Application abstract

End-stage liver cirrhosis is one of the most common causes of mortality in modern countries and can only be treated by liver transplantation, which is strongly limited by the lack of organ donors and the side effects of immunosuppressive treatment. Therefore, the development of new therapeutics against liver diseases represents a global health challenge and one of the main objective for the pharmaceutical industry.

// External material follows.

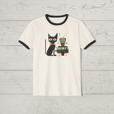 Unisex Cotton Ringer Mid Century Modern, Retro Diner Cat Lovers Shirt

However, the lack of relevant, physiological and high throughput in vitro system to model liver fibrosis represents a major issue. Current in vitro models of the fibrotic liver consist in cell cultures, precision slice biopsies, and whole organ perfusion systems. 2D culture systems lack functional cell-to-cell interactions and anatomical structures needed to reveal mechanistic details of disease involved in fibrosis, while perfusion and biopsy based models cannot persist long enough to accurately model fibrotic progression. Consequently, most studies are based on animal models which can lack the physiological relevance to human diseases and which are not compatible with high throughput platform necessary for drug screening. 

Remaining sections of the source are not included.